Re: How to represent theories? from Dave Raggett on 2019-11-01 (public-aikr@w3.org from November 2019)

From: Dave Raggett <dsr@w3.org>
Date: Fri, 1 Nov 2019 16:36:25 +0000
To: Amirouche Boubekki <amirouche.boubekki@gmail.com>
Cc: W3C AIKR CG <public-aikr@w3.org>
Message-Id: <BB3BC815-D87F-4C56-894F-2913A29DFC08@w3.org>
For my work on chunks I plan to use what I am calling contexts [1]. Each chunk cites the context it belongs to. A context is itself a chunk allowing for chained contexts that can form trees. Contexts are useful for causal reasoning, reasoning from multiple perspectives, models of other people’s beliefs, representing stories, etc. A chunk is a set of named property values along with a chunk type and identifier. The term comes from psychology and ACT-R, a popular cognitive architecture.
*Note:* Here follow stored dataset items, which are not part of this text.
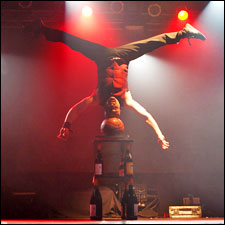 • At today's Georges Duboeuf Beaujolais Nouveau midnight launch party in New York, the theme, to celebrate the 30th anniversary of the Nouveau U.S. partnership between Duboeuf and importer Deutsch Family Wine & Spirits, was "Magique." The carnivalesque atmosphere sure lived up to that. A few character sketches in the Unfiltered notebook: "man in a fat suit lip-syncing opera and doing high kicks and flips," "stilts people dressed like a bird," "vest guy playing a xylophone thing, big hair," and the coup de grace, "topless head-between-legs woman." (That would be performance artist Narcissister, who wore a mask on her face, a mask on the back of her head and a mannequin head between her legs so she could flip over to a handstand and wave her legs like arms, which was all very disorienting to Unfiltered at 1:30 in the morning.)
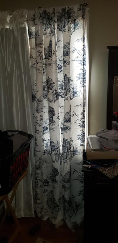These French Country Toile draperies really look nice in my bedroom. The material is good and they are well-made. They have the added feature of being extra thick to block out light and keep the room dark. I like the charcoal gray color and countryside design.
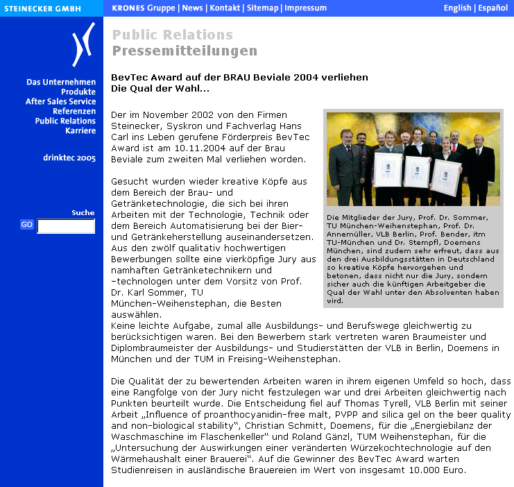 Brau Beviale Preisverleihung BevTec Award, Nürnberg, 2002
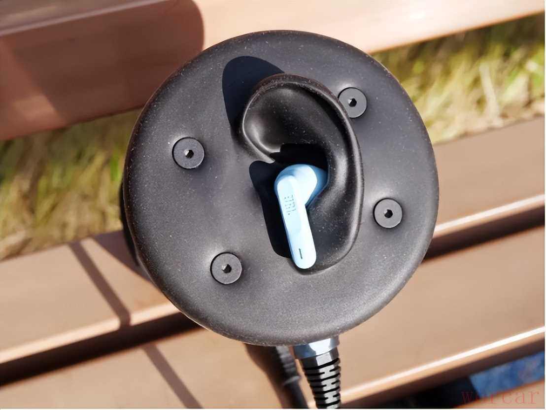 大开口的耳塞位可以让我们很方便地将耳机取出,这种半入耳式耳机在佩戴上要比入耳式的耳机更加舒适,一方面无需用力塞进耳道,不用担心耳塞部分与耳道贴合的问题,另一方面它的出声孔部分还使用液态硅胶材质,能够很好地嵌入在耳廓中,长时间佩戴也不会有不适感。
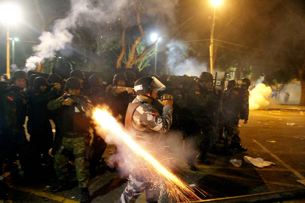 De acordo com a policia militar, cerca de 10.000 manifestantes participaram dos atos de protesto contra a corrupção, transporte em Belém e melhoria de vida. A passeata, que iniciou na praça de Nazaré, percorreu a cidade até a a sede da prefeitura onde ocorreram conflitos entre policiais militares, guarda municipal e manifestantes que jogaram pedras no prédio público e penduraram faixas e cartazes. Um guarda municipal foi ferido com uma pedra jogada por manifestantes que receberam balas de borracha e bombas de gás lacrimogênio.Belém, Pará, BRasilFoto Ney Marcondes20/06/2013

 [1] https://www.w3.org/Data/demos/chunks/chunks.html#contexts <https://www.w3.org/Data/demos/chunks/chunks.html#contexts>

> On 1 Nov 2019, at 14:45, Amirouche Boubekki <amirouche.boubekki@gmail.com> wrote:
> 
> I stumbled upon an interesting problem based on my work on vnstore
> (formerly fstore) that is how to represent several theories made by an
> algorithm in the context of a versioned branch-able database (like
> git).
> 
> Consider for instance a gazetteer based entity-resolution system as
> described in the following question:
> 
> https://stackoverflow.com/q/52046394/140837
> 
> Here is the code:
> 
> input = 'new york is the big apple'.split()
> 
> 
> def spans(lst):
>    if len(lst) == 0:
>        yield None
>    for index in range(1, len(lst)):
>        for span in spans(lst[index:]):
>            if span is not None:
>                yield [lst[0:index]] + span
>    yield [lst]
> 
> knowledgebase = [
>    ['new', 'york'],
>    ['big', 'apple'],
> ]
> 
> out = []
> scores = []
> 
> for span in spans(input):
>    score = 0
>    for candidate in span:
>        for uid, entity in enumerate(knowledgebase):
>            if candidate == entity:
>                score += 1
>    out.append(span)
>    scores.append(score)
> 
> leaderboard = sorted(zip(out, scores), key=lambda x: x[1])
> 
> for winner in leaderboard:
>    print(winner[1], ' ~ ', winner[0])
> 
> The above (naive?) algorithm will guess multiple probable way to link
> a sentence to the knowledge base. With a determinist scoring heuristic
> it will filter many alternatives and for example the following
> alternatives:
> 
>  [['new', 'york'], ['is'], ['the'], ['big', 'apple']]
>  [['new', 'york'], ['is', 'the'], ['big', 'apple']]
> 
> Those are two possible way to link the input sentence "new york is the
> big apple".
> 
> What I want to show is an example where a determinist algorithm can
> not come up with a single result and must keep around "theories"
> downstream and eliminate zero or more theory with another algorithm or
> knowledge acquired later.
> 
> In the versioned nstore (vnstore), one can represent theories using
> branches (as in git) OR using an abstraction on top of the nstore.
> Representing theory in the vnstore will require access to the history
> and branch information along some data to tie together a set of
> theories that are related to a given problem. Whereas theories on top
> of the nstore will require only "some data to tie together a set of
> theories that are related to a given problem" but will require extra
> care to make sure one theory does not leak in another theory.
> 
> Using the nstore approach will mean that there is yet-another
> structure, the structure of alternative theories, on top the nstore
> that is very similar to the vnstore. It gives more freedom but it also
> lead to more complex system.
> 
> It seems to me that the vnstore seems to already solve the idea of
> "alternative theories", as in git, branches are alternative version of
> a software, but it seems like re-using vnstore abstraction for
> theories made by algorithms will lead to more complex code.
> 
> What do you think? How do you handle alternative theories in your work?
> 
> 
> -- 
> Amirouche ~ https://hyper.dev
> 

Dave Raggett <dsr@w3.org> http://www.w3.org/People/Raggett
W3C Data Activity Lead & W3C champion for the Web of things
Received on Friday, 1 November 2019 16:36:30 UTC